In Chicago, where Beth Gross used to work, the Italian beef sandwich is one of the best-known hometown treats. “It’s in the top five of what Chicago’s known for: deep-dish pizza, then hot dogs and beef,” she said.
In the Buffalo area, nobody knows its name. Gross, chef-owner of Gertie’s (6010 Goodrich Road, Clarence Center) recently set out to change that.
Now the menu at her place offers a plate anchored by the sandwich, thinly sliced medium-rare roast beef piled onto a Luigi’s torpedo roll, then – because this is Western New York – topped with mozzarella. It’s important to get the bread right, Gross said.
Jus, a broth made from the beef drippings, is another important Italian beef element. In Chicago, you can get the whole sandwich dunked in jus, but Gertie’s drizzles jus over the meat instead, sort of a medium juicy approach, Gross said. “You want something that holds together but soft on the inside.”
That’s because, despite its hefty, shaggy, drippy appearance, the Italian beef sandwich is meant to be eaten out of hand, preferably while leaning over something that doesn’t stain easily.

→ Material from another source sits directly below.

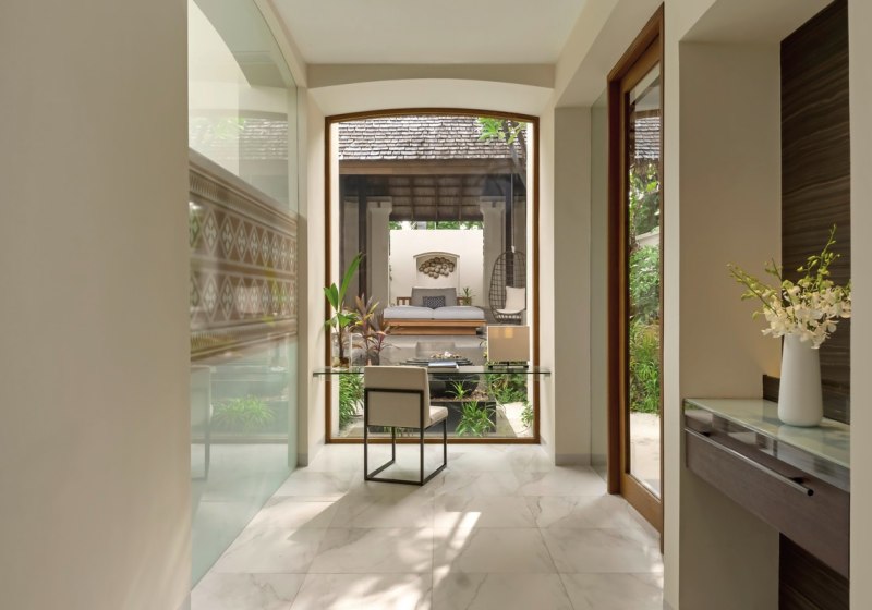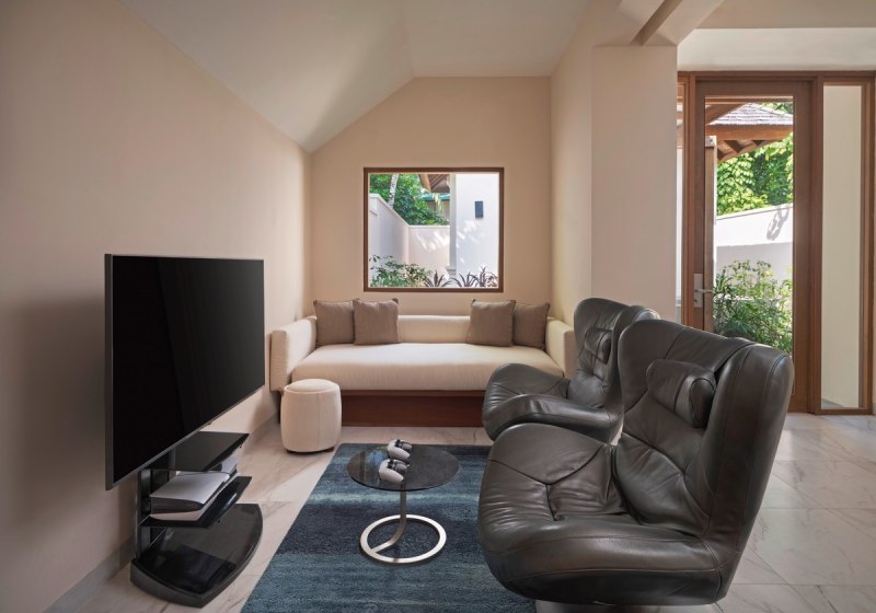 Die Beach Villa bietet rund 150 Quadratmeter Fläche, ein Bad mit Außendusche und eine möblierte Terrasse. Ausstattungsdetails wie Bademäntel, Slipper, Flatscreen, CD-/DVD-Player, iPod-Docking-Station, Safe und Kaffee-/Teezubereiter ergänzen Klimaanlage und Föhn – angenehm durchdacht, ohne Überladung.

Giardiniera is the other important component of the sandwich. It’s a spicy vegetable pickle, with peppers, celery and carrots in Italian seasoned oil. Gross gets hers from Chicago. “We put the giardiniera on the side, so people can control their heat,” Gross said.
The sandwich comes with a side of Gertie’s sweet vinegar slaw, and another side, like bowtie pasta salad, for $14.
“We’ve had a few people that are familiar with it but not a lot,” said Gross. “It’s selling pretty well. The orders are definitely going up. People love the sandwich.”